I have to say I think your models are always fantastic - you're brilliant at copying concept art by using the props we have in an imaginative way - I'm always really impressed!

Why, thank you. Modeling is the fun part. Animating is the hard part. Rendering is the screaming part. Redoing what you did wrong is the suicide inducing part, ;).
 
I like unit makers that give lotsa previews like Quinzy, so we can pester them before they are "officialy" done, I think that results in a higher quality unit :)

BTW - whats so terrible about that rendering? I mean do you have to do anything? Check something every few minutes or whatnot? I always thought the `puter does it by itself, it just takes time. In that case, start rendering, go to school, read a book, go outside, do something else beside waiting in front of the screen and muttering : C`mon, c`mon...
 
Yeah, but if you're like me, then you forget you're rendering and end up doing something else, and then rendering an amimation takes the whole day...
 
If only it were that easy. You have to rotate the figure every other minute to get all the different directions... change the folders... along with millions of other things that are monotonous but still require user attention. (or so I recall... been a while since I've been through the process myself :mischief:)
 
If only it were that easy. You have to rotate the figure every other minute to get all the different directions... change the folders... along with millions of other things that are monotonous but still require user attention. (or so I recall... been a while since I've been through the process myself :mischief:)

Exactly. Each animation is eight different renders, one for each direction (and each one consisting of 15ish frames, depending on what it is). So for these Worker units that I'm doing, there are twelve animations. That means that I have to tell the computer to do 96 different renders per unit. Each one takes - I don't know - a few minutes, depending on the model. And then you have to set up and begin the next one. So you can't just leave the thing to get on with it. I wish you could!

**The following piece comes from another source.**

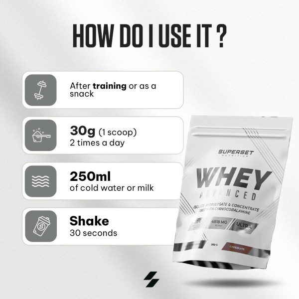 Ingredients Chocolate: instant whey protein concentrate (milk) {whey protein concentrate (milk), emulsifier [lecithins (soy)]} 82%, L-glutamine 5,5%, defatted cocoa powder 4%, flavourings (contains caffeine), L-arginine hydrochloride 2%, instant whey protein isolate (milk) {whey protein isolate (milk), emulsifier [lecithins (soy)]} 1.4%, instant hydrolysed whey protein (milk) {hydrolyzed whey protein isolate (milk), emulsifier [lecithins (soy)]} 0,48%, thickener (xanthan gum), vitamin C (L-ascorbic acid), sweeteners (acesulfame K, sucralose), inulin 0,31%, pineapple bromelain (1200 GDU/g) 0,04%, papaya papain (1,5 FIP U/mg) 0,04%, niacin (nicotinamide), vitamin B6 (pyridoxine hydrochloride), vitamin B1 (thiamine mononitrate), vitamin B12 (cyanocobalamin).
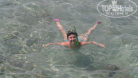 Удивляюсь отзывам, когда пишут, что не было свободных лежаков. Мы с такой проблемой не сталкивались, лежаки были всегда. У отеля есть пляж-лагуна и с пирса -открытое море. Сутра водичка очень чистенькая, ну а после обеда - понятно мутная. С пирса можна поплавать возле корралов, посмотреть много рыбок, ежиков, также мы видели мурену и ската-хвостокола.

Oh, and that of course assumes that you got everything just right before the render - often you find you overlooked something or it looks wrong from some angle or something and you have to do it again. I've got several entire animations (ie, eight renders' worth) with the current project that have been completely re-rendered more than once. This often happens, at least if you combine a certain amount of sloppiness with pathological perfectionism, as I do, a most unhappy combination.

[EDIT] By the way, as I said somewhere, it shouldn't be too hard to turn utahjazz7's wagon prop into a chariot. You'd need to remove the superstructure and replace it with something different, and probably fiddle with the dimensions a lot, but it would probably work fairly well. The hardest part would be animating the horses. A chariot like the one portrayed in the OP would be a bit tricky because of the odd shape of the superstructure, but if you had good enough textures it ought to be possible to put together something not too unlike it mainly out of primitives.
 
Exactly. Each animation is eight different renders, one for each direction (and each one consisting of 15ish frames, depending on what it is). So for these Worker units that I'm doing, there are twelve animations. That means that I have to tell the computer to do 96 different renders per unit. Each one takes - I don't know - a few minutes, depending on the model. And then you have to set up and begin the next one. So you can't just leave the thing to get on with it. I wish you could!
I don't do mine that way actually; I make one long animation comprising all the different movements and keep a record of what does what - so, far example, in my Highland Spearman it's like this:
frames 1-15 = default
frames 16-25 = fortify
frames 26-40 = attack
frames 41-55 = victory
frames 55-70 = death
frames 71-85 = run
frames 86-93 = walk (for Steph's SSS)
I then render the whole lot together as one animation and chop it up from the storyboard. It still needs 8 renders, but it's better than 56 smaller ones (or 96 in Plotinus' case).